+++ DATA EXTRACT +++

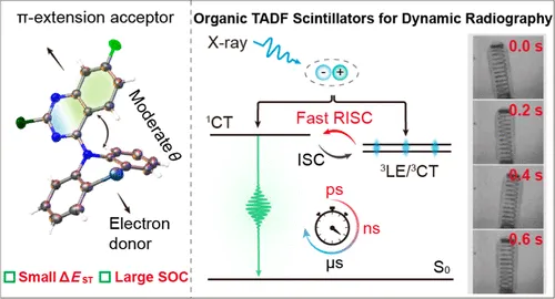 将高三重激子利用率与快速辐射发光相结合的有机闪烁体,对于实现高分辨率动态X射线成像至关重要。热激活延迟荧光(TADF)闪烁体为高效三重态捕获提供了一条有吸引力的途径,但传统系统在辐射发光效率与衰减寿命之间存在固有权衡。这一限制源于固有缓慢的反系统交叉(RISC),难以加速,因为最小化单重态–三重态能隙(ΔEST)通常会降低自旋轨道耦合(SOC)。
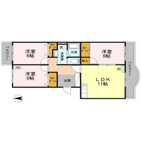 | 間取り詳細 | LDK 11畳 、 洋室 6畳 、 洋室 6畳 、 洋室 6畳 |
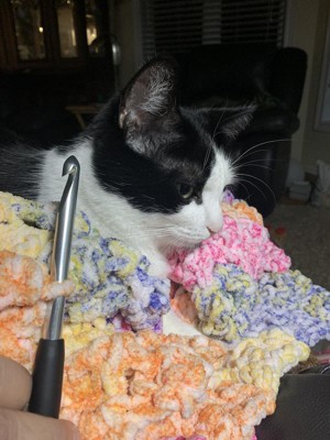 I love the Bernat Blanket Yarn. It always makes quick throws for gifts and they are always a hit. For several years now there is at least one or two friends or family that will ask for one so when I first saw this new Ethereal line on Target’s website? I was REALLY wanting to get my hands on some. Felt VERY fortunate to be able to snag the Sunrise color. It arrived today and I started a blanket after dinner. Family voted, nothing fancy, just crank out a HDC “no holes” blanket. (I have all boys so, that is typical-I won’t ask opinions if I have a “fancy” stitch in mind… ANYWAY …. The color change is great, it’s very soft and works easily on my resin (Furls) hook. This line reminds me a bit more of the now discontinued PREMIER YARNS GUMDROP™ CHENILLE in softness and HOWEVER 🥺when I went to just weave in the bottom that was bothering me a few rows in, the chenille started to just fall off the end. I don’t ever remember that really happening for more than just a few mm before but unlike the Premier Gumdrop Chenille, the thread it’s attached to was very delicate. Usually I’ll just remove the loose chenille and tie off the thread or attach it if I find a knot etc. Not so far on the Ethereal. I am REALLY, REALLY hoping this is a fluke. The ends of the Bernat Blanket yarns chenille not falling off en-mass is one of the things I just LOVE about the line. Obviously I’m going to keep on going but this will be a major bummer if this is normal for this line b/c I was hoping to buy more color ways. *in my photos, I decided to take a photo after I had already tossed most of the fallen chenille.

+++

INSTRUCTIONS FOR THE TASK: Please set down the lines above word for word and leave out the pictures.

SOLUTION TO THE EXERCISE:
 将高三重激子利用率与快速辐射发光相结合的有机闪烁体,对于实现高分辨率动态X射线成像至关重要。热激活延迟荧光(TADF)闪烁体为高效三重态捕获提供了一条有吸引力的途径,但传统系统在辐射发光效率与衰减寿命之间存在固有权衡。这一限制源于固有缓慢的反系统交叉(RISC),难以加速,因为最小化单重态–三重态能隙(ΔEST)通常会降低自旋轨道耦合(SOC)。
 | 間取り詳細 | LDK 11畳 、 洋室 6畳 、 洋室 6畳 、 洋室 6畳 |
 I love the Bernat Blanket Yarn. It always makes quick throws for gifts and they are always a hit. For several years now there is at least one or two friends or family that will ask for one so when I first saw this new Ethereal line on Target’s website? I was REALLY wanting to get my hands on some. Felt VERY fortunate to be able to snag the Sunrise color. It arrived today and I started a blanket after dinner. Family voted, nothing fancy, just crank out a HDC “no holes” blanket. (I have all boys so, that is typical-I won’t ask opinions if I have a “fancy” stitch in mind… ANYWAY …. The color change is great, it’s very soft and works easily on my resin (Furls) hook. This line reminds me a bit more of the now discontinued PREMIER YARNS GUMDROP™ CHENILLE in softness and HOWEVER 🥺when I went to just weave in the bottom that was bothering me a few rows in, the chenille started to just fall off the end. I don’t ever remember that really happening for more than just a few mm before but unlike the Premier Gumdrop Chenille, the thread it’s attached to was very delicate. Usually I’ll just remove the loose chenille and tie off the thread or attach it if I find a knot etc. Not so far on the Ethereal. I am REALLY, REALLY hoping this is a fluke. The ends of the Bernat Blanket yarns chenille not falling off en-mass is one of the things I just LOVE about the line. Obviously I’m going to keep on going but this will be a major bummer if this is normal for this line b/c I was hoping to buy more color ways. *in my photos, I decided to take a photo after I had already tossed most of the fallen chenille.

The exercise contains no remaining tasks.